(Items from a dataset)
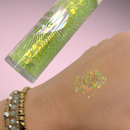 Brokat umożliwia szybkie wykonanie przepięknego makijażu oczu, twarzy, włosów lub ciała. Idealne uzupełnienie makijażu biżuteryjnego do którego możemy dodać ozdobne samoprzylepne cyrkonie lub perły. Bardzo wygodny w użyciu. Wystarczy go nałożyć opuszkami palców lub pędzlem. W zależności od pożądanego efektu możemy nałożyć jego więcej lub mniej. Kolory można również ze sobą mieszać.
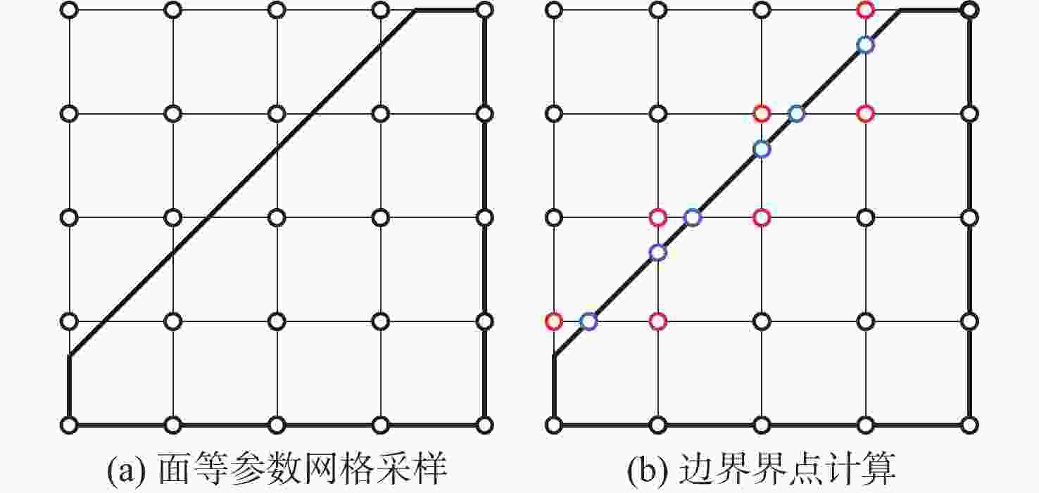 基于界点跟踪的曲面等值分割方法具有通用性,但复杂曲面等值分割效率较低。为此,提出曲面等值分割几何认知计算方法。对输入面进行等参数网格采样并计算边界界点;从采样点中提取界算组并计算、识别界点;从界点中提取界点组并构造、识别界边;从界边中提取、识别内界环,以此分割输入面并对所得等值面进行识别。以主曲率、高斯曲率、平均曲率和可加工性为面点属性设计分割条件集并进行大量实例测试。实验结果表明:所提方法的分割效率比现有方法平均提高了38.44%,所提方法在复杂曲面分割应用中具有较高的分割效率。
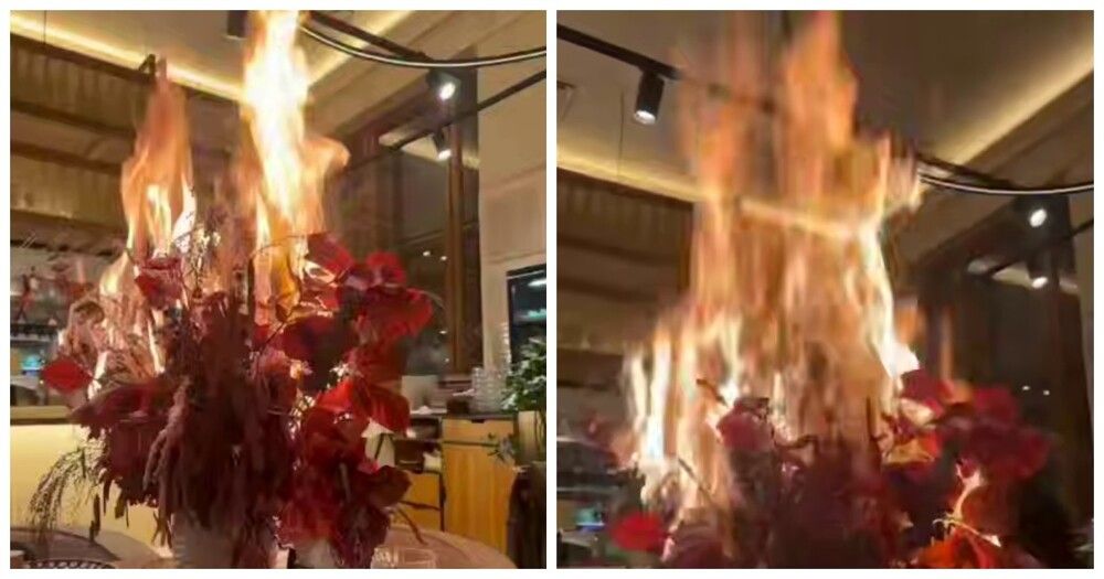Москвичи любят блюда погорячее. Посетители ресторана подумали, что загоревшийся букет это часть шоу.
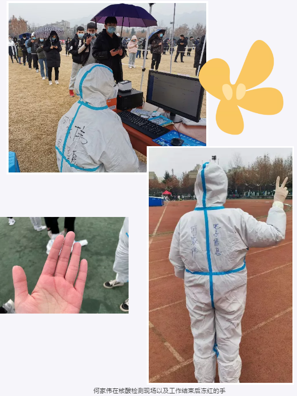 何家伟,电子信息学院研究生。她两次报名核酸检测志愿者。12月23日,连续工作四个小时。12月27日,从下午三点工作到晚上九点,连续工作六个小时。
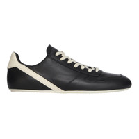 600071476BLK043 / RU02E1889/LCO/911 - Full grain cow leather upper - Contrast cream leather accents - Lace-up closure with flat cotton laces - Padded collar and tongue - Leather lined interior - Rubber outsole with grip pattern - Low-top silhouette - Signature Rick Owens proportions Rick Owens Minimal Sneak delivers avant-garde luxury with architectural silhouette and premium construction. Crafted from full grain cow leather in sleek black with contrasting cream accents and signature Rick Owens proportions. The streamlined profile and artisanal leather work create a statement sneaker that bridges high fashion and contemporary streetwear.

> _What you are asked to do_: Nothing is needed beyond an exact transcription of the lines from the one containing "何家伟,电子信息学院研究生。" to the end of the entries above, with the pictures omitted.

> _Answer below_:
 何家伟,电子信息学院研究生。她两次报名核酸检测志愿者。12月23日,连续工作四个小时。12月27日,从下午三点工作到晚上九点,连续工作六个小时。
 600071476BLK043 / RU02E1889/LCO/911 - Full grain cow leather upper - Contrast cream leather accents - Lace-up closure with flat cotton laces - Padded collar and tongue - Leather lined interior - Rubber outsole with grip pattern - Low-top silhouette - Signature Rick Owens proportions Rick Owens Minimal Sneak delivers avant-garde luxury with architectural silhouette and premium construction. Crafted from full grain cow leather in sleek black with contrasting cream accents and signature Rick Owens proportions. The streamlined profile and artisanal leather work create a statement sneaker that bridges high fashion and contemporary streetwear.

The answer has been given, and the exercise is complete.